- WHAT THE TASK ASKS -
Copy down the listing below exactly. Do not include pictures.

- COLLECTED MATERIAL -

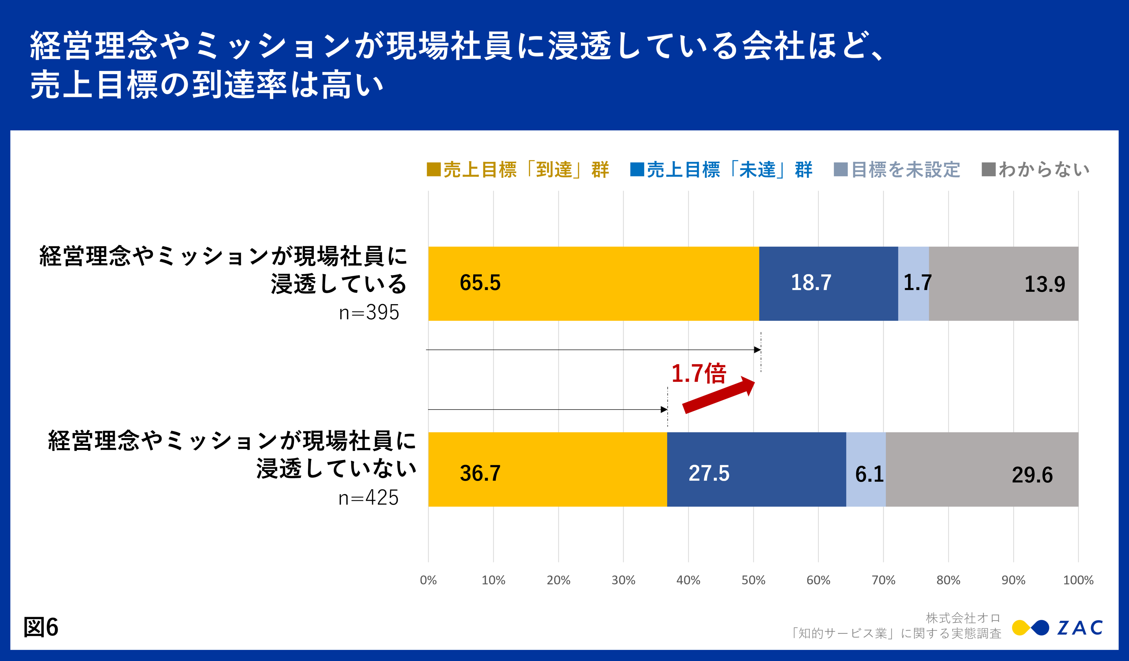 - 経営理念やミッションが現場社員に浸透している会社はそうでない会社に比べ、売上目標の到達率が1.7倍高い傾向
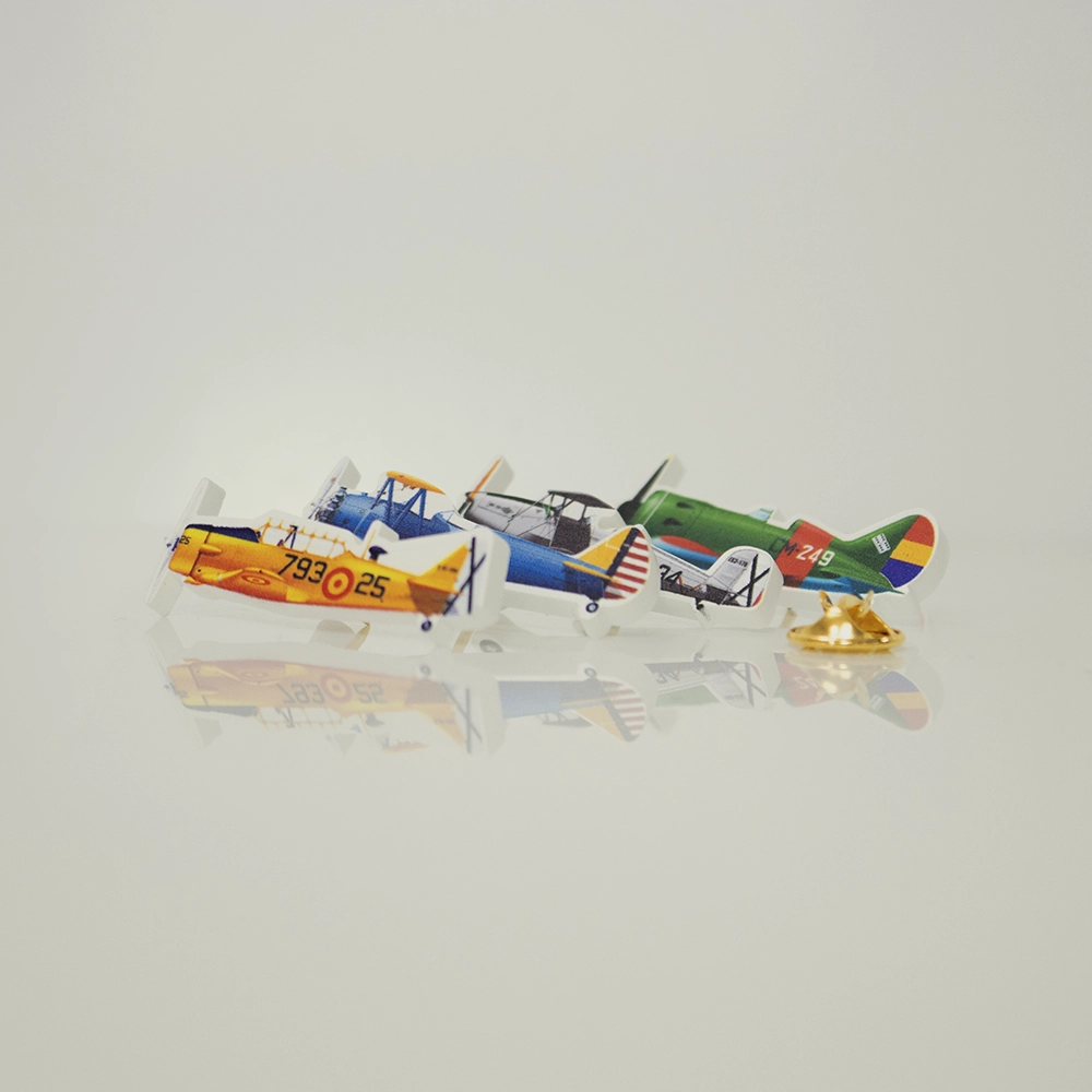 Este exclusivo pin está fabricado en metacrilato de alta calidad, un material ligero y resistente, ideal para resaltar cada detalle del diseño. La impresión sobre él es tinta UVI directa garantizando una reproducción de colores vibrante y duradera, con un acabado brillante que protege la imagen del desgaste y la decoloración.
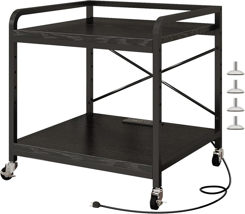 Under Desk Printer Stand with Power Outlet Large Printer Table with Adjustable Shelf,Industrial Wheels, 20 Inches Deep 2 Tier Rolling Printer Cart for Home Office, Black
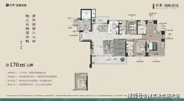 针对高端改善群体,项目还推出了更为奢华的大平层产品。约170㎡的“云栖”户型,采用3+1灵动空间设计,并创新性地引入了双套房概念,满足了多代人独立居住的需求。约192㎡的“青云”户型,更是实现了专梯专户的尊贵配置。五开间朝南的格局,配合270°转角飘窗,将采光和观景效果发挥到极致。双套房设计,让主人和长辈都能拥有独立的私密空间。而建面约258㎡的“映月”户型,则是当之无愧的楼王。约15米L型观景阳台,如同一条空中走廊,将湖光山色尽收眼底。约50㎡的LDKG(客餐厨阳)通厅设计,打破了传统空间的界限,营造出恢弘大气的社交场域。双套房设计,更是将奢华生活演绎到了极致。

- SOLUTION TO THE EXERCISE -
 - 経営理念やミッションが現場社員に浸透している会社はそうでない会社に比べ、売上目標の到達率が1.7倍高い傾向
 Este exclusivo pin está fabricado en metacrilato de alta calidad, un material ligero y resistente, ideal para resaltar cada detalle del diseño. La impresión sobre él es tinta UVI directa garantizando una reproducción de colores vibrante y duradera, con un acabado brillante que protege la imagen del desgaste y la decoloración.
 Under Desk Printer Stand with Power Outlet Large Printer Table with Adjustable Shelf,Industrial Wheels, 20 Inches Deep 2 Tier Rolling Printer Cart for Home Office, Black
 针对高端改善群体,项目还推出了更为奢华的大平层产品。约170㎡的“云栖”户型,采用3+1灵动空间设计,并创新性地引入了双套房概念,满足了多代人独立居住的需求。约192㎡的“青云”户型,更是实现了专梯专户的尊贵配置。五开间朝南的格局,配合270°转角飘窗,将采光和观景效果发挥到极致。双套房设计,让主人和长辈都能拥有独立的私密空间。而建面约258㎡的“映月”户型,则是当之无愧的楼王。约15米L型观景阳台,如同一条空中走廊,将湖光山色尽收眼底。约50㎡的LDKG(客餐厨阳)通厅设计,打破了传统空间的界限,营造出恢弘大气的社交场域。双套房设计,更是将奢华生活演绎到了极致。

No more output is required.